***** INFORMATION PROVIDED
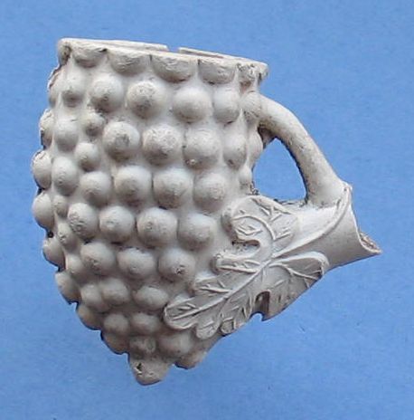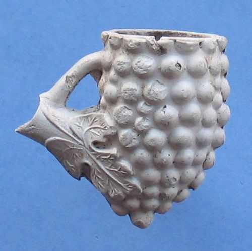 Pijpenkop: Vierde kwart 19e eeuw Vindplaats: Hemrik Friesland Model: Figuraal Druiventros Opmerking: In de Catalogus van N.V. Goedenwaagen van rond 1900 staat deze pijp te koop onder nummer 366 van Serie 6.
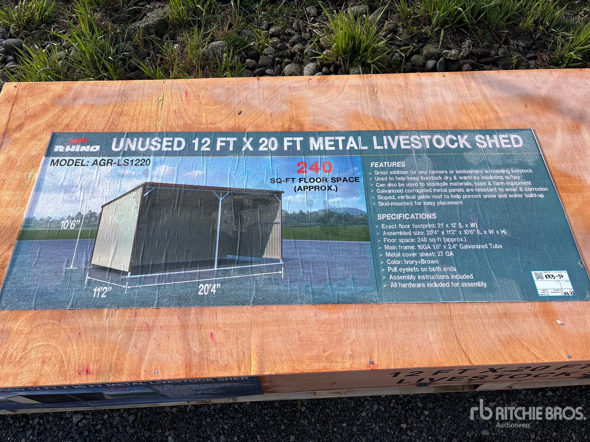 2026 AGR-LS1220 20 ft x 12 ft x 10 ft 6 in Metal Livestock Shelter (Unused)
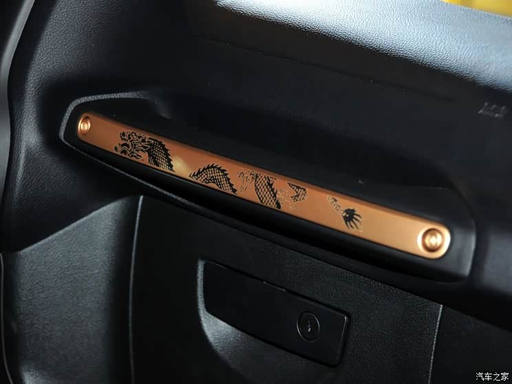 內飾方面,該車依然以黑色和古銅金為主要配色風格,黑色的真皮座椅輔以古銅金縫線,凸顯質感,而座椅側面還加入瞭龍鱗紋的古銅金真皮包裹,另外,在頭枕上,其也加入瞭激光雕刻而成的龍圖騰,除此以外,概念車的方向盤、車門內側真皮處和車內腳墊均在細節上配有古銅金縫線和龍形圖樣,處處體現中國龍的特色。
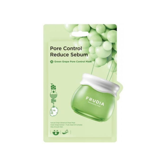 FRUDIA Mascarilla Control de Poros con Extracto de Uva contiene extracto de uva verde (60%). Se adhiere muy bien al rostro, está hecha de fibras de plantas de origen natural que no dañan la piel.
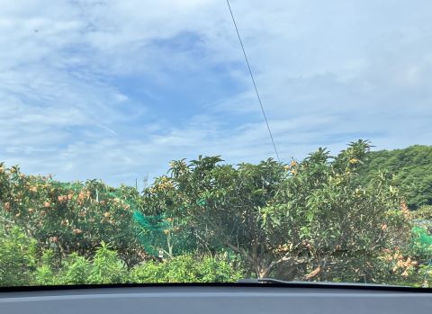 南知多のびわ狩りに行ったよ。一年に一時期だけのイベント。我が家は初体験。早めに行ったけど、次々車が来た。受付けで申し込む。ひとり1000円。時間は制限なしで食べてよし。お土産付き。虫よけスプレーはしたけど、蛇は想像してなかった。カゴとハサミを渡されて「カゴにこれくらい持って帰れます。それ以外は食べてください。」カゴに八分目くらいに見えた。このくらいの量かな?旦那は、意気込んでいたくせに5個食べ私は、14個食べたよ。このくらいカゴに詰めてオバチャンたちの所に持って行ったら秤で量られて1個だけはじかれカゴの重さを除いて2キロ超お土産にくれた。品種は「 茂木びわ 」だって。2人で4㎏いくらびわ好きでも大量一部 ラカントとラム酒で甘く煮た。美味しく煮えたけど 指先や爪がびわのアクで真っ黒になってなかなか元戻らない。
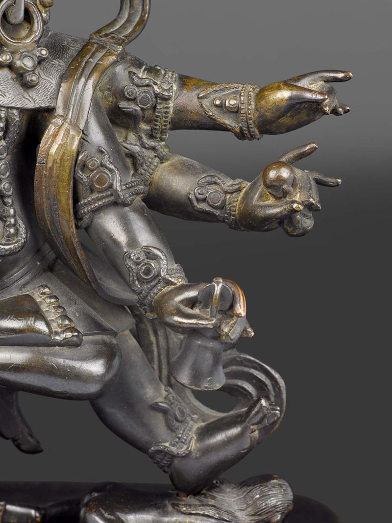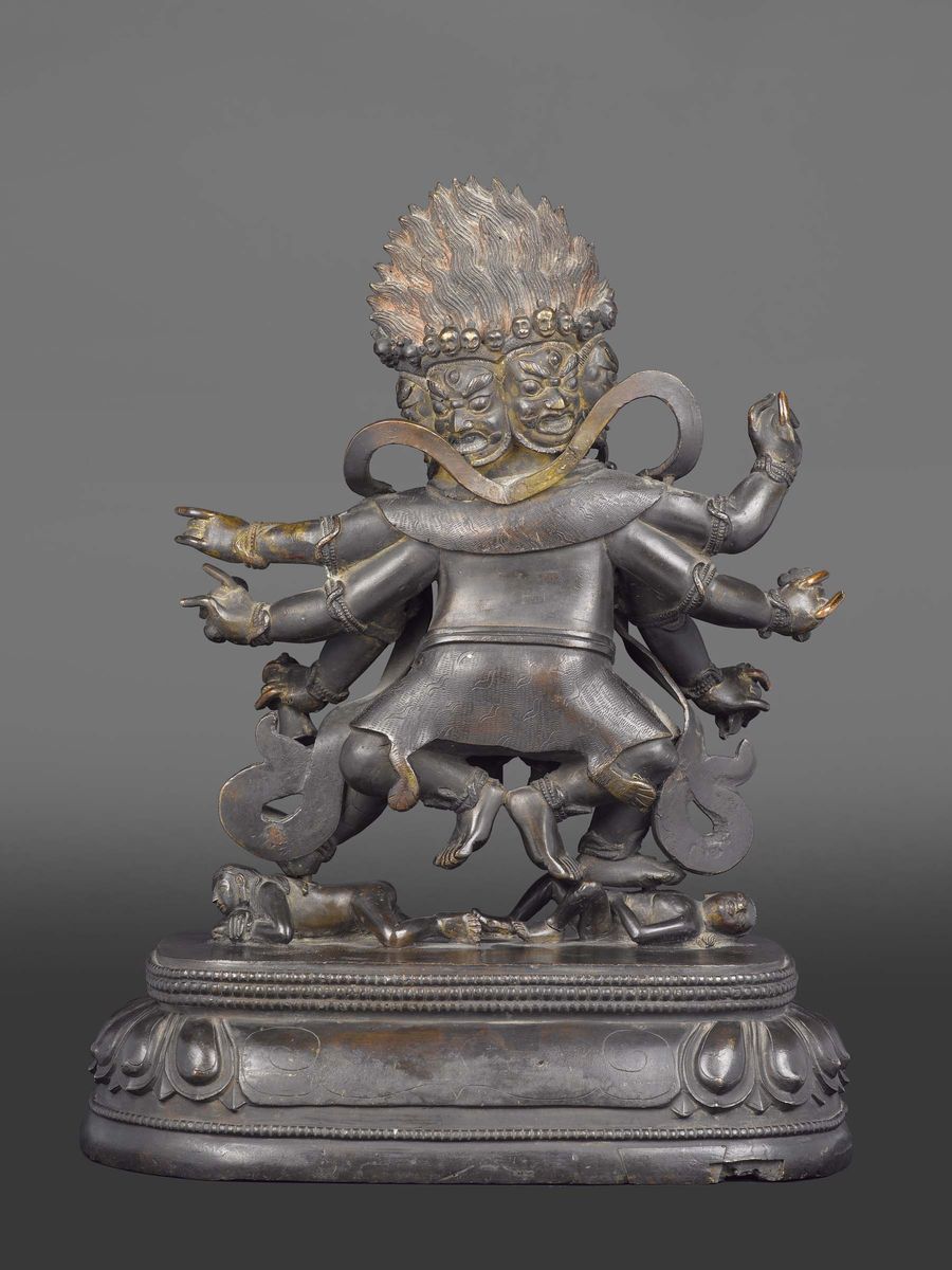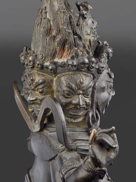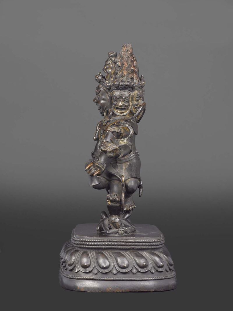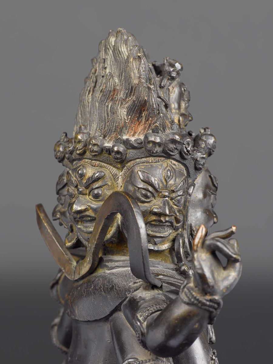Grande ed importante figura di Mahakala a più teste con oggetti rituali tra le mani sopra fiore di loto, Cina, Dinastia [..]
**********
◆ PROBLEM TO SOLVE ◆
An exact copy of the entries above, with no pictures, is the required answer.

◆ RESPONSE BOX ◆
 Pijpenkop: Vierde kwart 19e eeuw Vindplaats: Hemrik Friesland Model: Figuraal Druiventros Opmerking: In de Catalogus van N.V. Goedenwaagen van rond 1900 staat deze pijp te koop onder nummer 366 van Serie 6.
 2026 AGR-LS1220 20 ft x 12 ft x 10 ft 6 in Metal Livestock Shelter (Unused)
 內飾方面,該車依然以黑色和古銅金為主要配色風格,黑色的真皮座椅輔以古銅金縫線,凸顯質感,而座椅側面還加入瞭龍鱗紋的古銅金真皮包裹,另外,在頭枕上,其也加入瞭激光雕刻而成的龍圖騰,除此以外,概念車的方向盤、車門內側真皮處和車內腳墊均在細節上配有古銅金縫線和龍形圖樣,處處體現中國龍的特色。
 FRUDIA Mascarilla Control de Poros con Extracto de Uva contiene extracto de uva verde (60%). Se adhiere muy bien al rostro, está hecha de fibras de plantas de origen natural que no dañan la piel.
 南知多のびわ狩りに行ったよ。一年に一時期だけのイベント。我が家は初体験。早めに行ったけど、次々車が来た。受付けで申し込む。ひとり1000円。時間は制限なしで食べてよし。お土産付き。虫よけスプレーはしたけど、蛇は想像してなかった。カゴとハサミを渡されて「カゴにこれくらい持って帰れます。それ以外は食べてください。」カゴに八分目くらいに見えた。このくらいの量かな?旦那は、意気込んでいたくせに5個食べ私は、14個食べたよ。このくらいカゴに詰めてオバチャンたちの所に持って行ったら秤で量られて1個だけはじかれカゴの重さを除いて2キロ超お土産にくれた。品種は「 茂木びわ 」だって。2人で4㎏いくらびわ好きでも大量一部 ラカントとラム酒で甘く煮た。美味しく煮えたけど 指先や爪がびわのアクで真っ黒になってなかなか元戻らない。
Grande ed importante figura di Mahakala a più teste con oggetti rituali tra le mani sopra fiore di loto, Cina, Dinastia [..]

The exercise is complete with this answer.